CarPlay Ultraは従来のCarPlayを大幅に進化させ、車両のすべてのディスプレイと深く統合された新しいユーザー体験を提供します。最も大きな変更点は、これまでセンターディスプレイのみに表示されていたCarPlayが、メーターパネル(計器クラスター)を含むすべてのドライバー向けスクリーンに対応するようになったことです。
「iPhoneユーザーはCarPlayを愛用しており、これまでも人々と車のつながり方を変革してきました。CarPlay Ultraでは、自動車メーカーと協力して車内体験をさらに統一的で一貫性のあるものに再構築しています」と、アップルの製品マーケティング担当副社長ボブ・ボーチャーズ氏は述べています。
CarPlay Ultraでは、スピードメーター、タコメーター、燃料計、温度計などの表示オプションが提供されます。ドライバーはiPhoneからのマップやメディア情報だけでなく、先進運転支援システムやタイヤ空気圧などの車両からの情報もメーターパネル内に表示できるようになります。

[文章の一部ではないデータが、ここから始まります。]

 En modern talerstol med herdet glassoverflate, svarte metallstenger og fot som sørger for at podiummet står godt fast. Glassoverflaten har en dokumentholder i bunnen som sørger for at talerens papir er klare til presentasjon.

また、画面上のコントロール、物理ボタン、またはSiriを使って、車のラジオや空調などの標準的な車両機能に加え、オーディオシステム構成やパフォーマンス設定などの高度な車両固有の機能とコントロールも管理できるようになります。さらに、iPhoneが提供するウィジェットも車のスクリーンやゲージクラスターにフィットするよう設計されています。
CarPlay Ultraの大きな特徴は、各自動車メーカーと共同開発し、その車種や車両に合わせたカスタマイズされた体験を提供する点です。カスタムテーマはアップルと自動車メーカーのデザインチームが協力して作成され、ドライバーも色やウォールペーパーを自分の好みに合わせてパーソナライズできます。

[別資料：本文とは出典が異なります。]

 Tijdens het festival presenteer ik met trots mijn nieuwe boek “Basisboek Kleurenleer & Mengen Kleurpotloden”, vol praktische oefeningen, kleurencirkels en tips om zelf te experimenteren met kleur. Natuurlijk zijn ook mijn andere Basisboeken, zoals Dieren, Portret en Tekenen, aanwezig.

「CarPlay Ultraを最初に導入できることを喜ばしく思います」と、アストンマーティンのCEOエイドリアン・ハルマーク氏は述べています。「自社開発の最先端インフォテインメントシステムをベースに、CarPlay Ultraは追加機能とパーソナライズの機会を提供し、同セクターでのインフォテインメントの最前線にアストンマーティンを位置づけています」と語っています。
CarPlay Ultraは、まず米国とカナダでアストンマーティンの主要モデルラインナップに導入され、今後12カ月以内にグローバルな車両にも拡大する予定です。
なお、CarPlay Ultraを利用するにはiPhone 12以降のモデルとiOS 18.5以降が必要となります。アップルによると、ヒュンダイ、起亜、ジェネシスなど世界中の多くの自動車メーカーもCarPlay Ultraの導入に向けて取り組んでいるとのことです。